* TASK BRIEF
Pictures must not appear; the answer is exactly the lines from the one that holds "Idealnie dopasowane skórzane" through the end of the material.

* DATASET EXCERPT
= Beginning of Section =

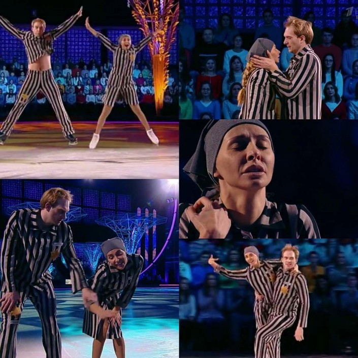 На протяжении номера артисты выделывают пируэты на льду, при этом периодически улыбаются, получают аплодисменты публики. И максимальные баллы от жюри. Оба участника при этом одеты в полосатые робы с нашитыми желтыми звездами Давида.
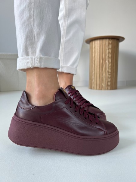 Idealnie dopasowane skórzane sneakersy Evett Raffel V2 w kolorze burgundowym
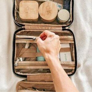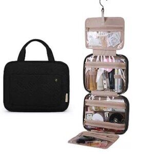 Special Design: Inner main pockets with elastic straps hold bottles upright; double zipper compartment for easy access to the items even not fully open the bag; Transparent sides for providing clear overview of contents

= End of Section =

* RESPONSE FOR THIS EXERCISE
 Idealnie dopasowane skórzane sneakersy Evett Raffel V2 w kolorze burgundowym
 Special Design: Inner main pockets with elastic straps hold bottles upright; double zipper compartment for easy access to the items even not fully open the bag; Transparent sides for providing clear overview of contents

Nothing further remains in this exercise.